The answer should consist of the full listing below, repeated exactly and free of pictures.
[Opening GIVEN INFORMATION section]
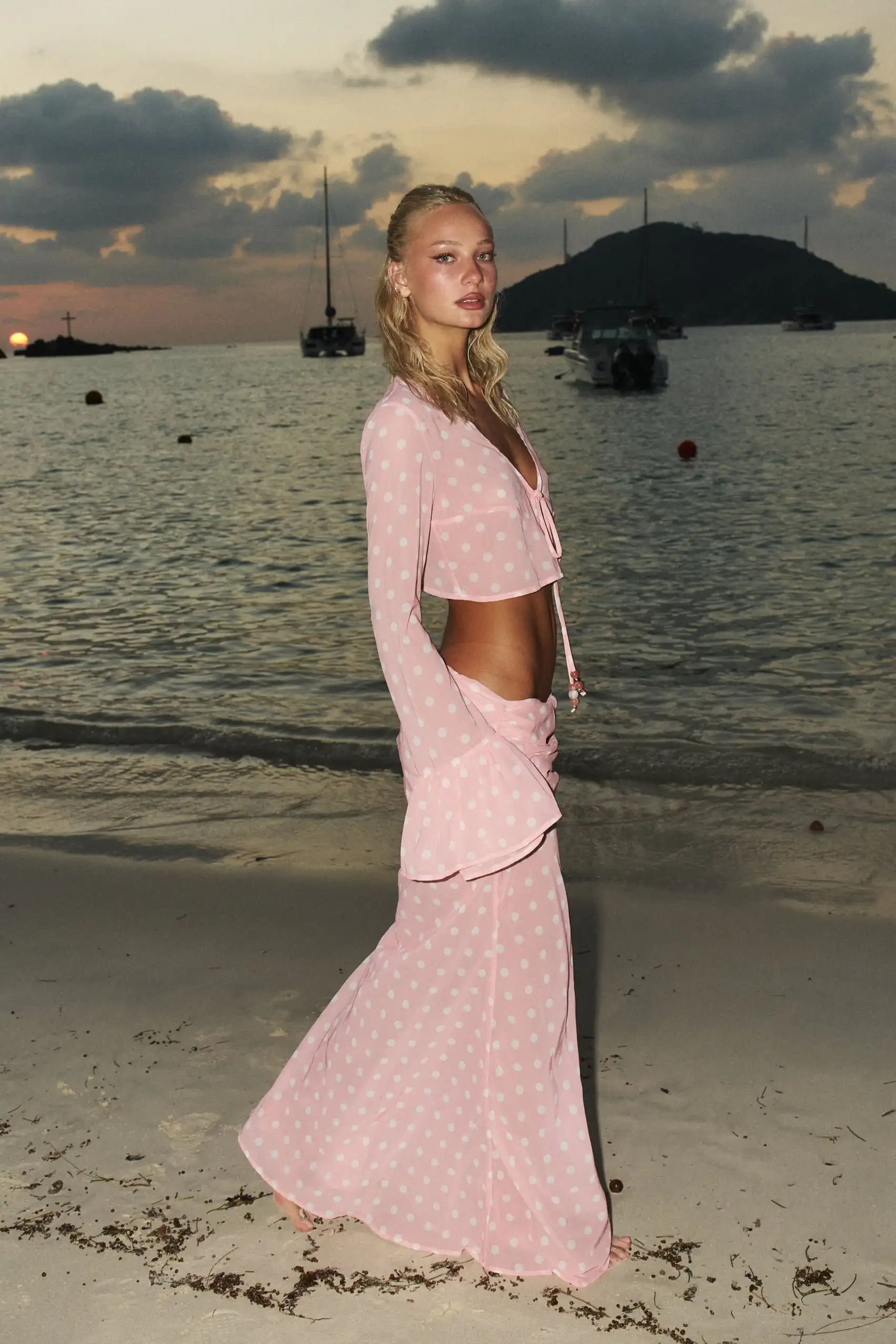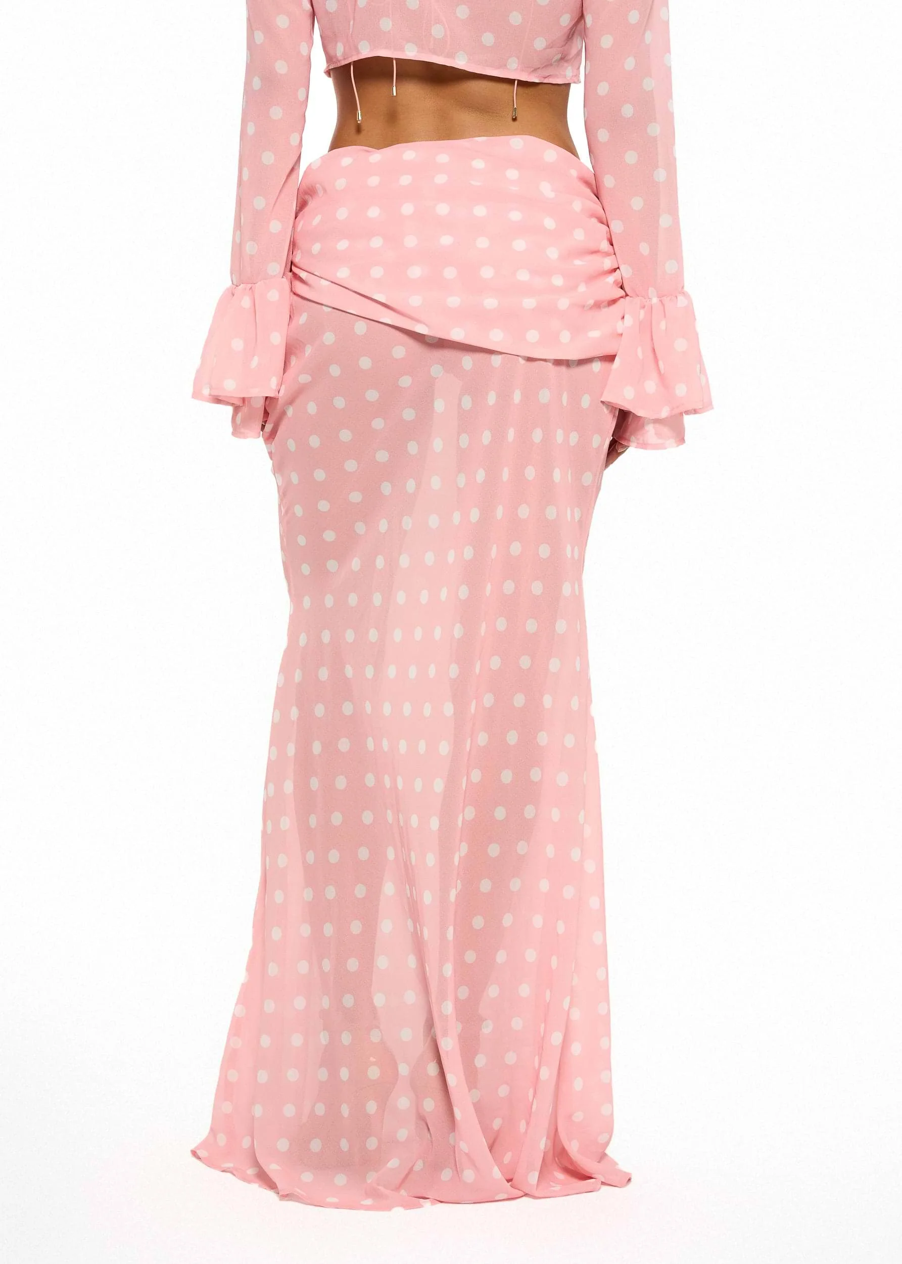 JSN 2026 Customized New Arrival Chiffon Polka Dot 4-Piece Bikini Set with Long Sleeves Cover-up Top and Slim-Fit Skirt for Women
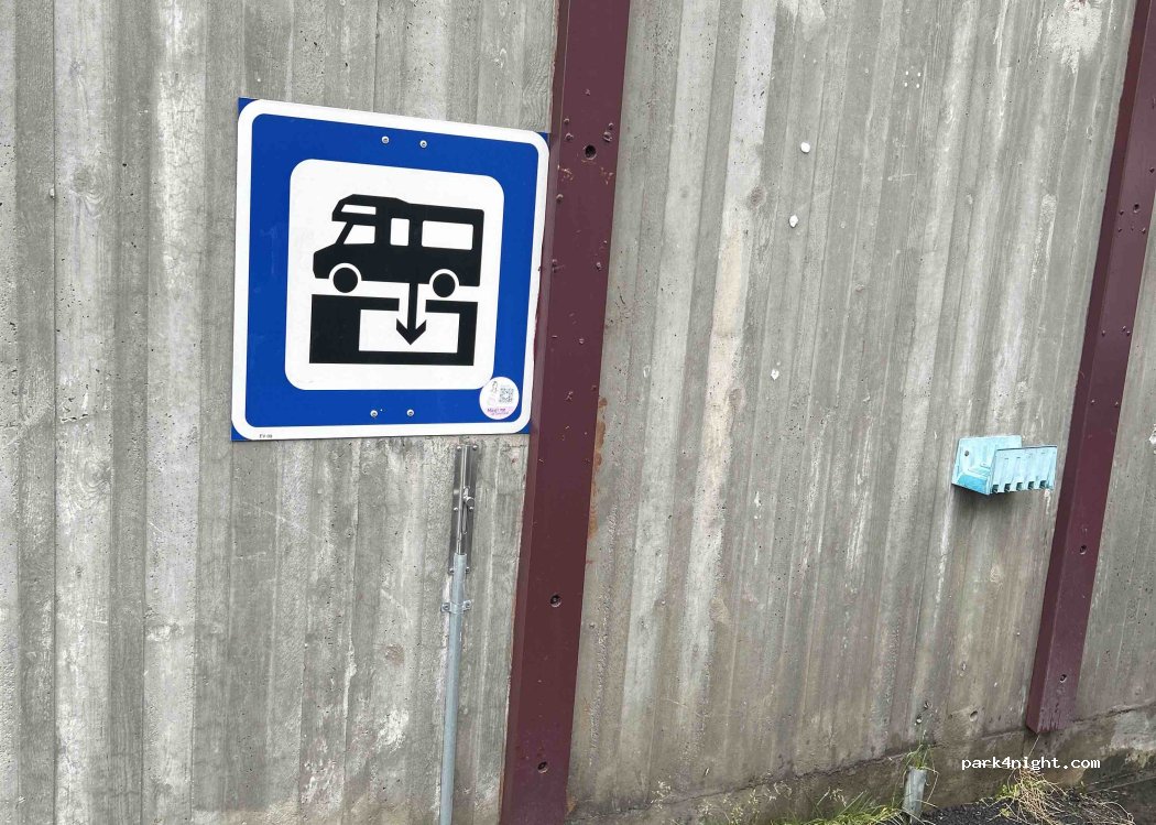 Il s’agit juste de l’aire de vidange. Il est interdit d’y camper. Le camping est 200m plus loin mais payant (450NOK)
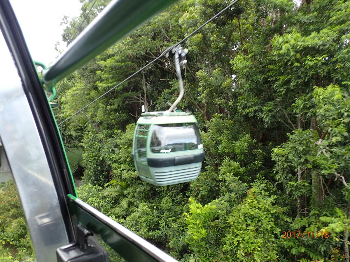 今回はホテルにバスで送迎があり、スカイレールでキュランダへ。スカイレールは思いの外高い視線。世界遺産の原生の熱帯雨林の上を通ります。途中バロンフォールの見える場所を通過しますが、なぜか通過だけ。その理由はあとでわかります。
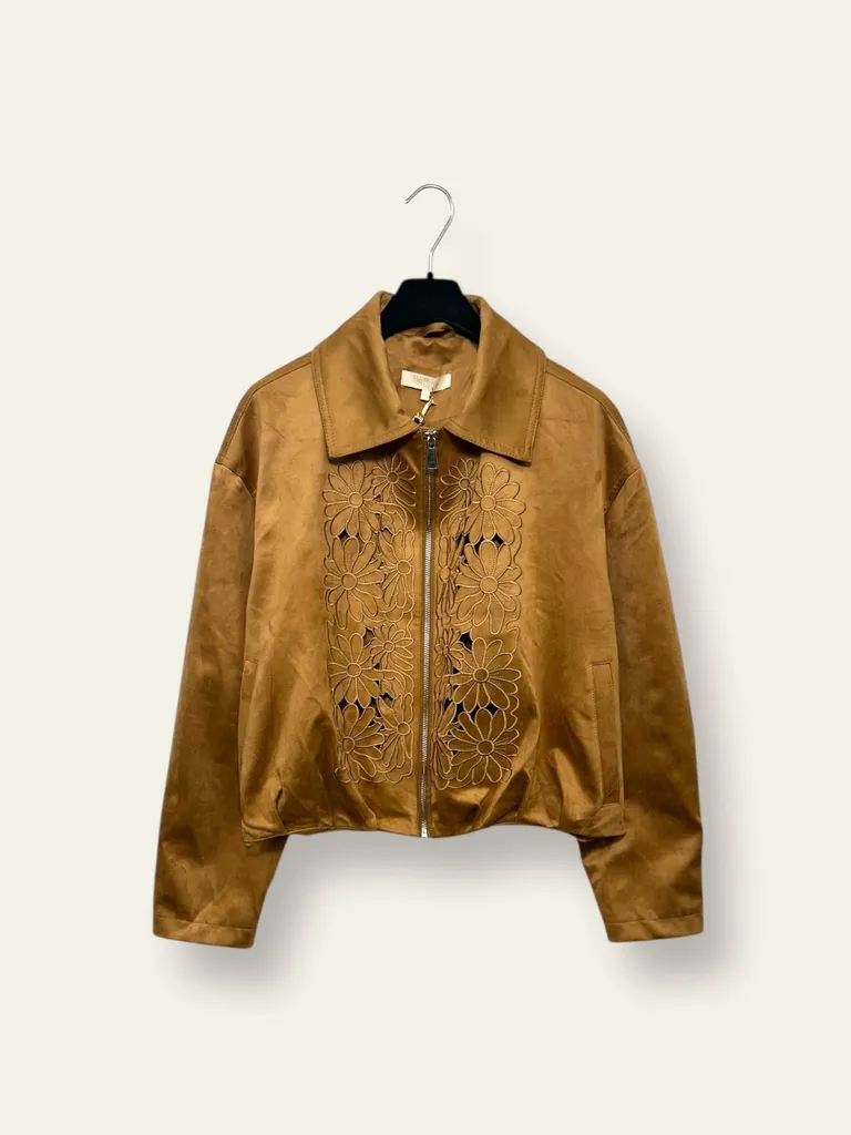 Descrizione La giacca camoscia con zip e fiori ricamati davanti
[Closing GIVEN INFORMATION section]
[TASK RESPONSE]
 JSN 2026 Customized New Arrival Chiffon Polka Dot 4-Piece Bikini Set with Long Sleeves Cover-up Top and Slim-Fit Skirt for Women
 Il s’agit juste de l’aire de vidange. Il est interdit d’y camper. Le camping est 200m plus loin mais payant (450NOK)
 今回はホテルにバスで送迎があり、スカイレールでキュランダへ。スカイレールは思いの外高い視線。世界遺産の原生の熱帯雨林の上を通ります。途中バロンフォールの見える場所を通過しますが、なぜか通過だけ。その理由はあとでわかります。
 Descrizione La giacca camoscia con zip e fiori ricamati davanti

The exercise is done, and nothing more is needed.